Because they’re so powerful, stories are very useful for copywriters. Good stories can move people to action. They can encourage sympathy and instigate donations. They can cause an uprising or a revolution. They can provoke a response or influence readers. They can sell.
Storytelling works.
Except, of course, when it doesn’t.
You can pen the most gripping tale that hooks readers, tosses them about in a tempest of emotion and makes them live all their feelings until they’re left breathless, panting and desperate for more by the time they reach the end.
But if you haven’t used storytelling properly, readers won’t do what you want them to do. They got a good story. You got a captivated audience. And there are no new clients calling you. No emails. No sales. Just people saying, “Wow, what a great story.”
Your storytelling strategy fell flat.
Using storytelling to influence readers isn’t as easy as it looks. When you’re trying to influence people and get them to take action, you need a few powerful tactics to get the technique right.
Make the Story Relevant and Supportive
Some writers have a hard time picking the right story for their ultimate goal. The story has no particular relevance, no supportive examples, and no specific relation that readers can clearly see. The result is that while readers get an entertaining story, they aren’t sure what it has to do with the title of the post or the action you’re asking them to take at the end.
Unless your goal is just to entertain, select a story that’s clearly relevant to the message, action or lesson you want to get across. A single obscure point within the story isn’t enough to create proper support – find a story that’s clearly relational from beginning to end, and make sure that it connects to the goal you want to achieve.
If you have to explain how the whole thing ties together at the end, go back and try again. It’s not quite right yet.
Maintain the Interest
There are some really boring stories out there. No, seriously. They lack conflict, or the characters are dull, or the writing doesn’t provide good mental imagery, or dialogue sounds stilted, or it’s unemotional and plain. It’s just… a boring story.
Storytelling uses a few basic elements: a beginning, a conflict, a climax, an end. If one of those is missing, it isn’t a story – it’s just the description of an event.
There are also basic ingredients you need to use to write a good story. You need to set the scene, introduce the characters, show the conflict, build anticipation, and create a theme, for example. Learn about the elements of a good story, and practice writing creative fiction as much as you practice copywriting to develop and blend your skills together.
You’ll be able to make magic in no time.
Watch the Length
Too short a story and readers aren’t sure what just happened.

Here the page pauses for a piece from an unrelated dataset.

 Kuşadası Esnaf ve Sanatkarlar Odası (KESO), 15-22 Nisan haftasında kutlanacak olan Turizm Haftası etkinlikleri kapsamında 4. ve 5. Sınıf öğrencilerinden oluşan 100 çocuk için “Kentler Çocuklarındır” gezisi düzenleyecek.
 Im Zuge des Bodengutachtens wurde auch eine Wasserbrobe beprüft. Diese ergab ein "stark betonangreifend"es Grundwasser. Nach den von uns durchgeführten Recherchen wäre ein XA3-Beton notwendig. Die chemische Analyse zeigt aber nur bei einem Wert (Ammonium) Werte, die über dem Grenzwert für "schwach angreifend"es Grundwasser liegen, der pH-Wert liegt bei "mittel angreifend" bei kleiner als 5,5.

Too long a story, and they get impatient or bored, or they get drawn into the story and led down a path so long they forget there was a point to all this in the first place.
Avoid overlong descriptions, going into too much detail, getting off track on tangents that don’t hold up the main goal or skimping on the good parts. Learn to find the right balance that lets you hook readers in and know what to cut because it isn’t necessary to hold their interest.

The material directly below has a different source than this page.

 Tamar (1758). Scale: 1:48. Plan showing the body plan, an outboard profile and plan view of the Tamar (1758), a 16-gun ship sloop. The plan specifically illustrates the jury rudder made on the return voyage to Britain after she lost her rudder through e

A good rule of thumb for blending storytelling with copywriting? No more than 50% story; otherwise the tale dilutes your main purpose and detracts from your goals.
Stick to What’s Important
Interest, support, relevance, purpose… all these are critical to using storytelling in your copywriting in an effective, efficient manner. It comes down to this:
Keep what you need. Everything else? Cut.
That’s the hardest part of storytelling – knowing what to keep that helps contributes to your goal and figuring out what’s just fluff and filler that bogs down the purpose. A good yarn can tie everything together beautifully, but too much yarn and you just have one big, tangled knot.

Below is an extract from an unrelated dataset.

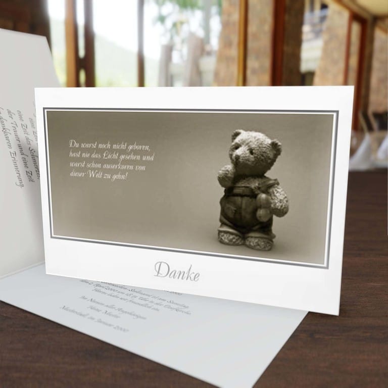 Bedanken Sie sich mit dieser Trauerkarte Danksagung „Teddy“ für die erwiesene Anteilnahme, den Trost und die Unterstützung jeglicher Art in der Zeit der Trauer.
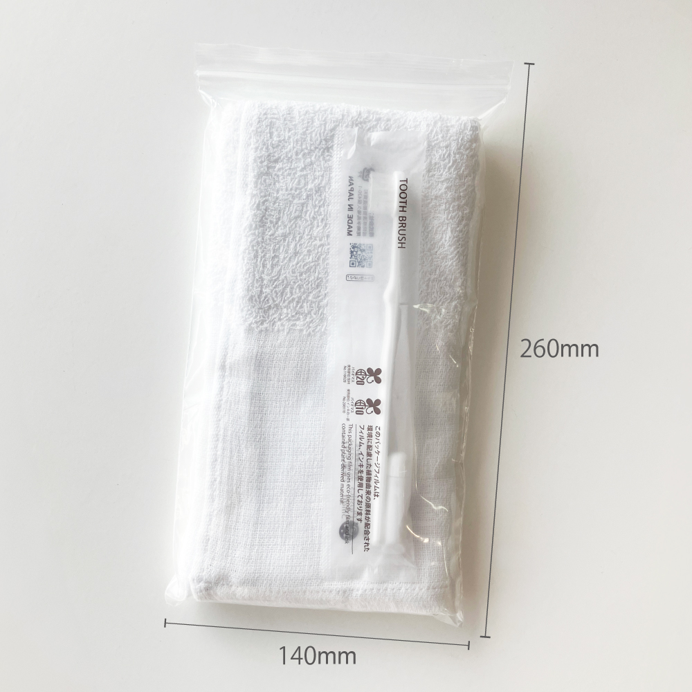 タオル 180匁 歯ブラシ PBT-00 透明ZIP袋セット (150セット)

So with each paragraph you write, ask yourself, “Does this contribute to the message? Does this help me achieve my goal?” If the answer is yes, then great. Go for it. But if you could remove that sentence, that paragraph, or that section and still maintain the integrity and emotional impact of the piece, take it out.
You’d be surprised how much more effective your story becomes in helping you reach your copywriting goals when the whole piece is nice and tight.
How about you? Do you use storytelling techniques in your business copywriting? Which stories get you the best results and reactions? Or do you struggle with using storytelling, or think you have no stories to tell?